Sundar Pichai
Origen de la fortuna: Alfabeto
...
...
Módulos
Biografía
Sundar Pichai es CEO de Google parent Alphabet, una posición que ha mantenido desde 2019, cuando fue etiquetado para reemplazar el cofundador de Google Larry Page.
Pichai ha trabajado en Google desde 2004, al parecer entrevistando para el trabajo el mismo día Google lanzó Gmail. Se convirtió en CEO de Google en 2015.
Tiene alrededor del 0,02% del alfabeto y ha vendido más de $500 millones de acciones, antes de impuestos.
Nacido en Chennai, India, Pichai creció con acceso limitado a la tecnología, pero siempre estaba interesado en cómo puede crear comunidad.
Dijo que en 1993, su padre pasó un año de sueldo en un billete de avión a California para que Sundar pudiera asistir a Stanford.
Activos Financieros
La gran mentira de las megafortunas: El caso de Sundar Pichai
Los milmillonarios suelen presentarse bajo el mito romántico de la 'persona hecha a sí misma': una narrativa ideada para justificar la opulencia como el premio natural al trabajo duro, el esfuerzo o el ingenio. Sin embargo, al confrontar volumenes tan extremos de riqueza con la realidad macroeconómica, el relato de la meritocracia se rompe por completo. Ningún individuo puede generar legítimamente con su esfuerzo personal un patrimonio equivalente a millones de veces el sueldo medio de la clase trabajadora. El capital en la cúspide no crece por un talento excepcional; se expande por una dinámica implacable donde el dinero acumulado trabaja exponencialmente más rápido que las personas, devorando la riqueza generada por el trabajo productivo.
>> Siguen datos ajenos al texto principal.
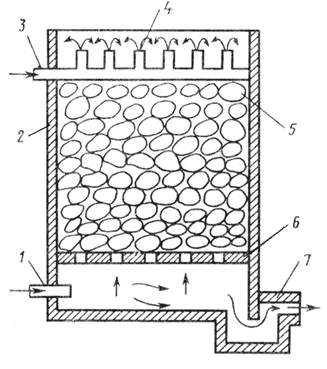 Рис. 9.5. Схема биологического фильтра. 1-трубопровод для подачи сжатого воздуха; 2-корпус фильтра; 3-трубопровод для подачи сточной воды; 4-водораспределительное устройство; 5-загрузка; 6-опорная решетка;7-трубопровод для очищенной воды.
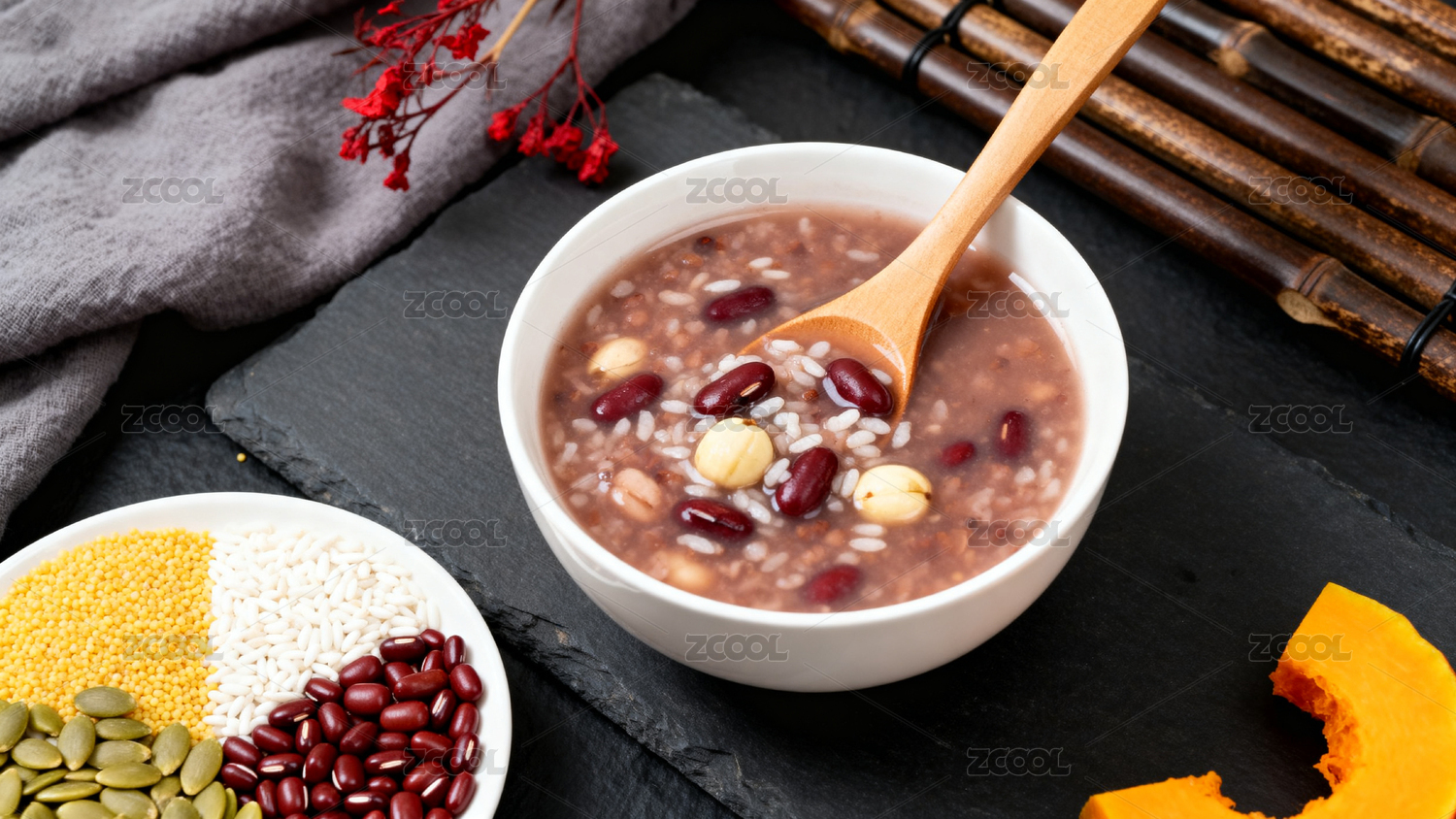 红色,蓝色,背景,碗,白色,图案,绿色,食材,花生,红豆
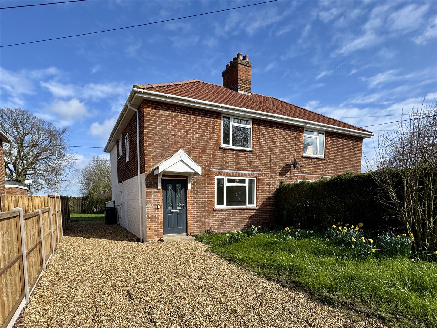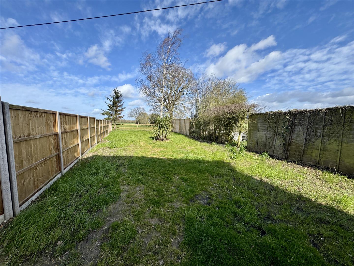 Long front garden laid to lawn, with driveway running alongside providing ample space for off road parking. Access down the side of the house continues through to the rear, which again, is a decent size and a blank canvas allowing for landscaping and the next owner to add their own mark to the garden. Post and rail fencing separates the garden from the fields beyond.
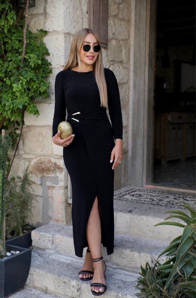 дамска рокля с кръстосано закопчаване и катарама J72346 черен
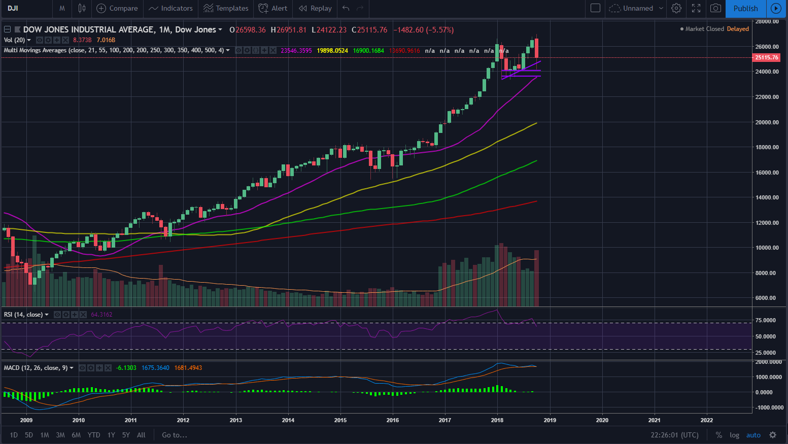The monthly chart for the DJI does not look healthy either. With a bearish engulfing candle followed by a bearish cross over on the MACD, it does not imply that the sell side of the stock market is over, actually looks like its just getting started.
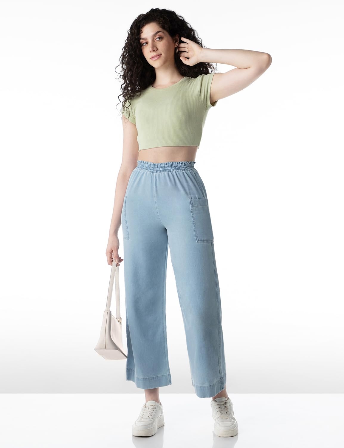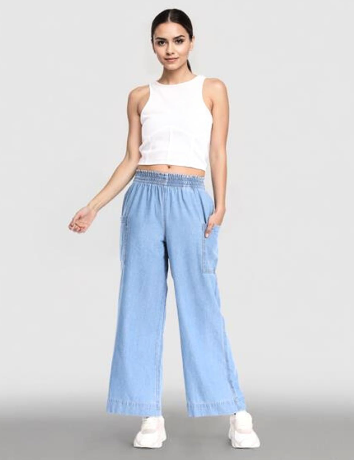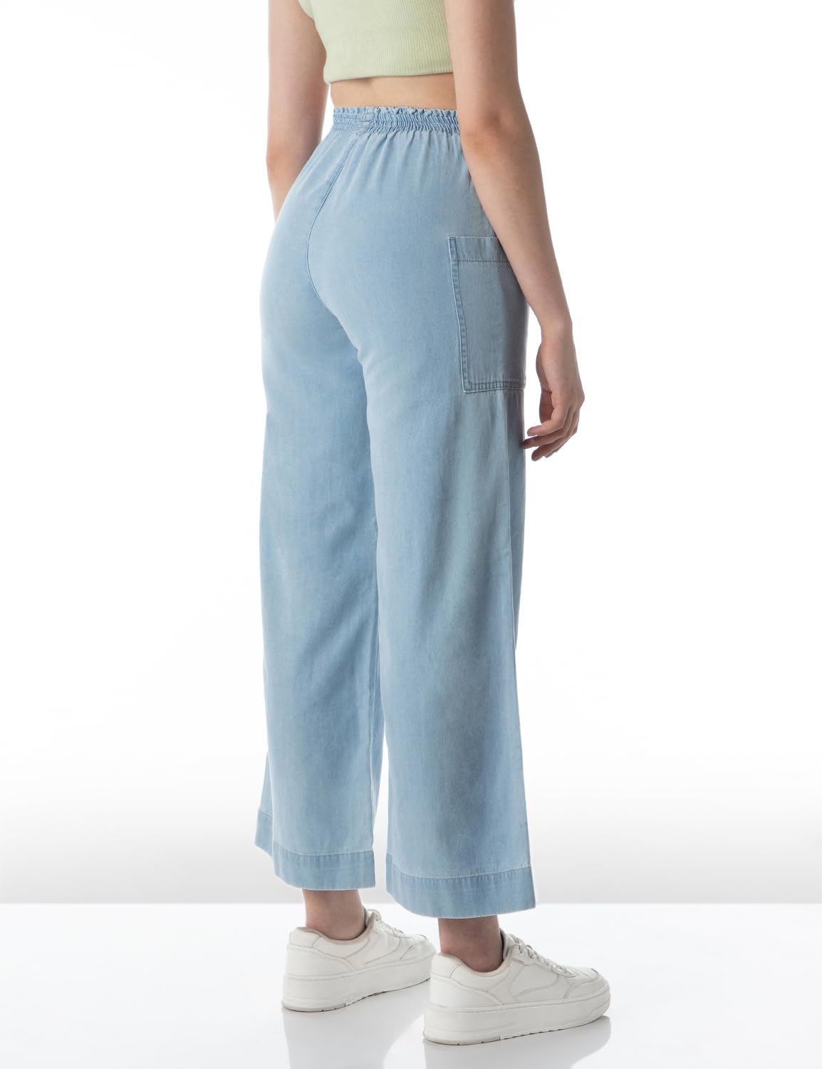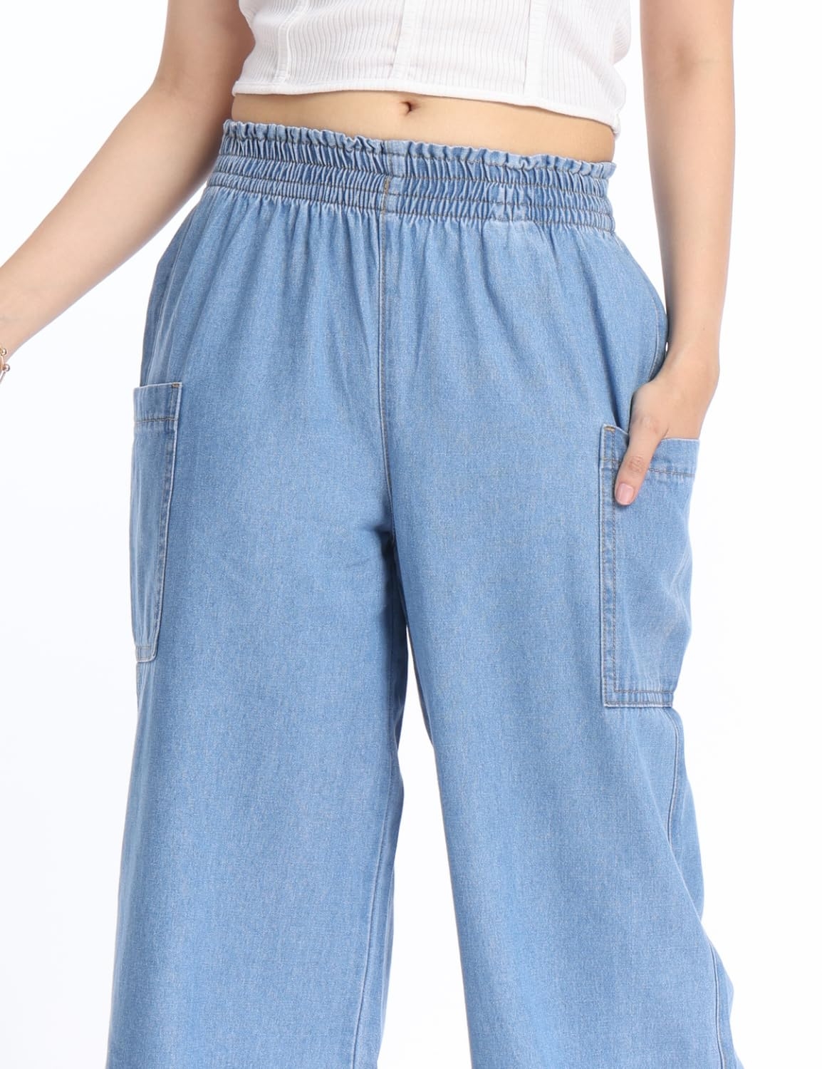INKD Women’s Wide Leg Jeans – High-Rise | 100% Cotton| Enzyme Wash | Elasticated Waistband | Jeans for Women (Available in Plus Sizes)

La inmensa fortuna de Sundar Pichai, vinculada a Tecnología y 'Alfabeto' no se ha construido en un vacío de libre mercado, sino mediante el acaparamiento rentista, el uso de influencias exclusivas de la élite, la consolidación de posiciones monopolísticas o la herencia patrimonial. Lejos de asumir riesgos privados reales, los imperios de los milmillonarios dependen estructuralmente del soporte del estado a través de subsidios directos, uso de infraestructuras, explotación de I+D, contratos públicos e ingeniería fiscal offshore. Mientras este patrimonio equivale al peso físico de 11 toneladas de oro puro, el resto del planeta sufre una escasez artificial de recursos básicos. Que esta riqueza baste para financiar por completo el sistema público de salud de RD Congo, un país con más de 105800000 millones de habitantes durante 0.7 años demuestra que la acumulación ilimitada no es un logro empresarial, sino el secuestro de la soberanía democrática.